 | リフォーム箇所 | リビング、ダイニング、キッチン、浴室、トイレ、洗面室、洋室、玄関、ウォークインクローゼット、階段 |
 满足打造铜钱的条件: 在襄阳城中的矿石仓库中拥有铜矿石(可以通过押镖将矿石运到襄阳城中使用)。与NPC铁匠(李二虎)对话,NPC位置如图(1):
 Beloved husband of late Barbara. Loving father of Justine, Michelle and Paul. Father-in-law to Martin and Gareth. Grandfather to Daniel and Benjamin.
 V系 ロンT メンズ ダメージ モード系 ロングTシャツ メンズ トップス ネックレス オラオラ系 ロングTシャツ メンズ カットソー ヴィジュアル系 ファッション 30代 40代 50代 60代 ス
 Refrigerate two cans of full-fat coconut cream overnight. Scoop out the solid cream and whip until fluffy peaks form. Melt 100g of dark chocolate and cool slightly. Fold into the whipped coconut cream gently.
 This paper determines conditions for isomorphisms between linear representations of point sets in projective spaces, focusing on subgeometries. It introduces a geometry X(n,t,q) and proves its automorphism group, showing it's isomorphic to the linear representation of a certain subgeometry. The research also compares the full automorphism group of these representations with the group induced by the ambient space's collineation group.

++++++++

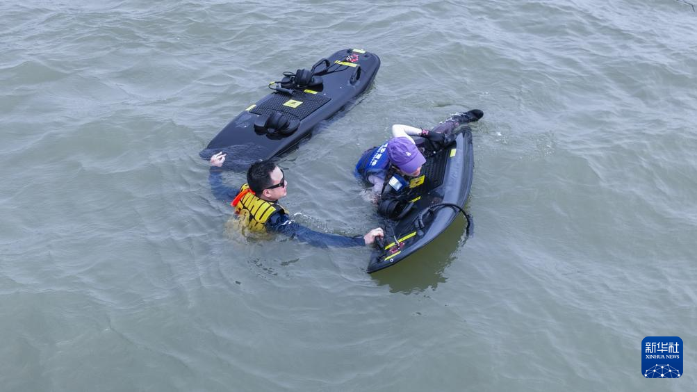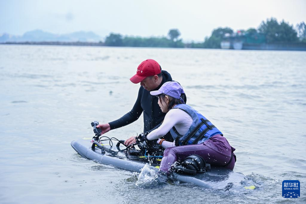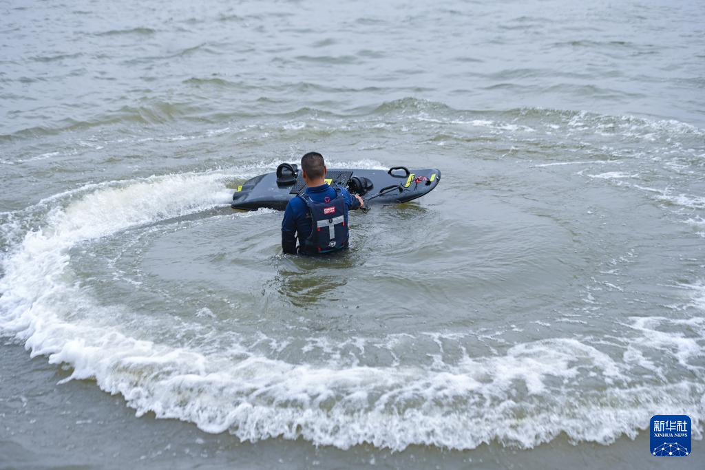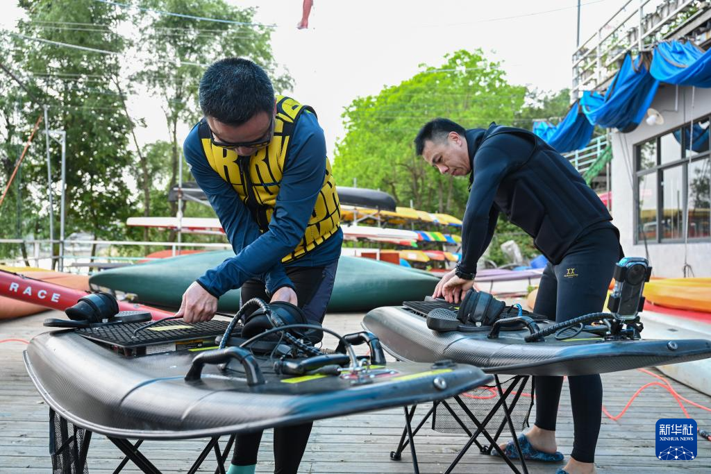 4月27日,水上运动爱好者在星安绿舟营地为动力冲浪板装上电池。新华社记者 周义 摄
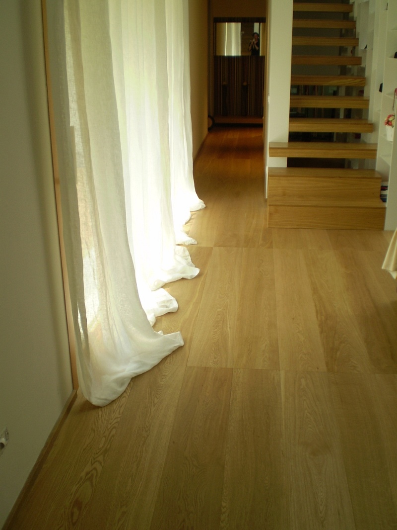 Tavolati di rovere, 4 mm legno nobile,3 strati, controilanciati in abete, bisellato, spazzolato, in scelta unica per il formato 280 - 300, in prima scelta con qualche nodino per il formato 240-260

++++++++

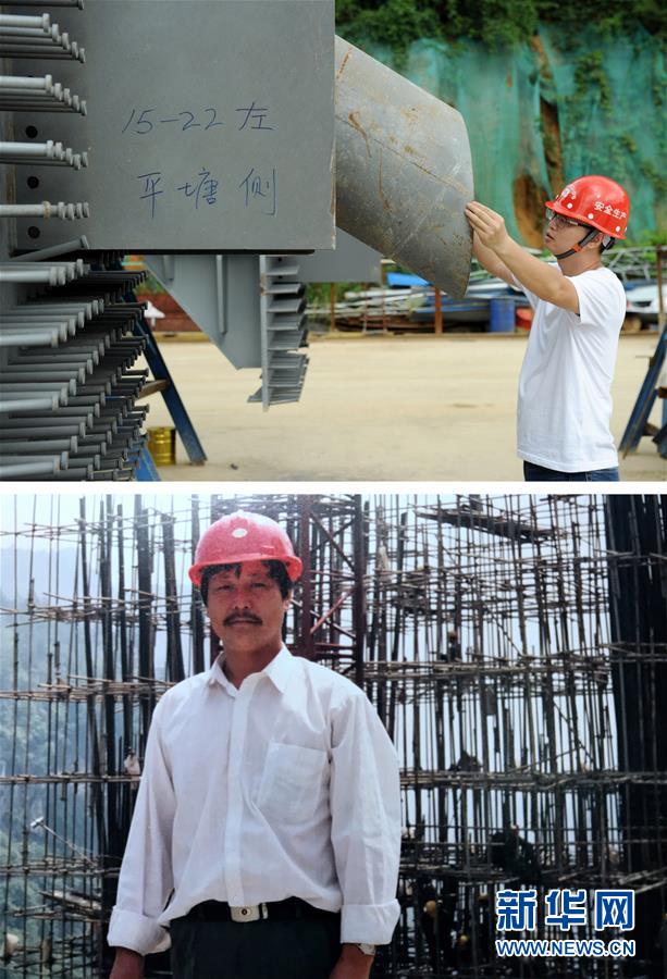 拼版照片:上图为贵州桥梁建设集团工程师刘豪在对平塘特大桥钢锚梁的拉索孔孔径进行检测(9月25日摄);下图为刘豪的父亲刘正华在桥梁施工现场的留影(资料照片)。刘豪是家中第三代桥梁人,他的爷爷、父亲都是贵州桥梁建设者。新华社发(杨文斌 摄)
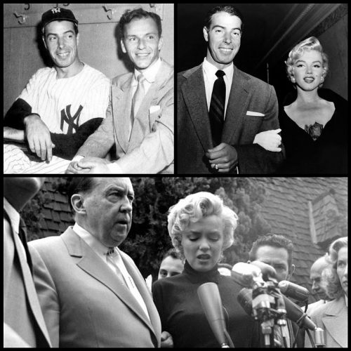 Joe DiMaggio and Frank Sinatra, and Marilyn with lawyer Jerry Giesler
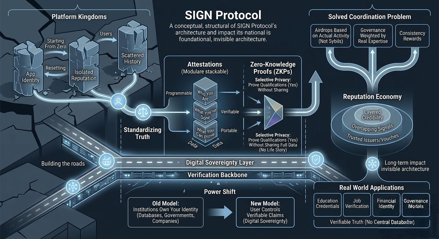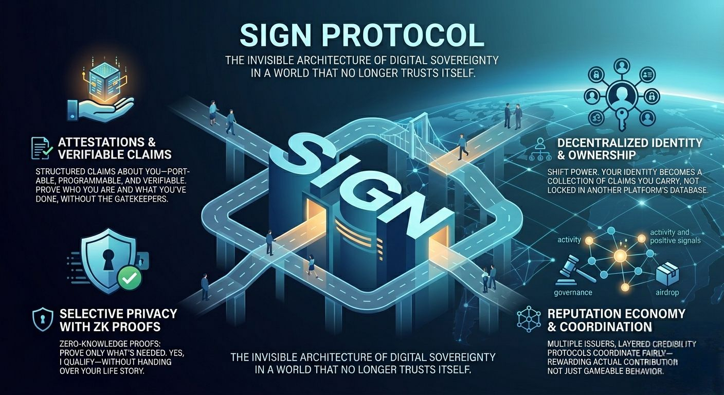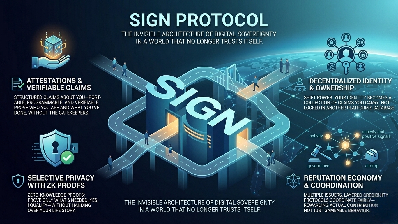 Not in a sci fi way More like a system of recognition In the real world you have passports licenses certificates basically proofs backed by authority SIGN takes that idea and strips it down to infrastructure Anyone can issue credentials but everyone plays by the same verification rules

++++++++

**Instructions for the task:**
Which lines hold the word "full"? Copy each of them from the records.

**Result below:**
 Refrigerate two cans of full-fat coconut cream overnight. Scoop out the solid cream and whip until fluffy peaks form. Melt 100g of dark chocolate and cool slightly. Fold into the whipped coconut cream gently.
 This paper determines conditions for isomorphisms between linear representations of point sets in projective spaces, focusing on subgeometries. It introduces a geometry X(n,t,q) and proves its automorphism group, showing it's isomorphic to the linear representation of a certain subgeometry. The research also compares the full automorphism group of these representations with the group induced by the ambient space's collineation group.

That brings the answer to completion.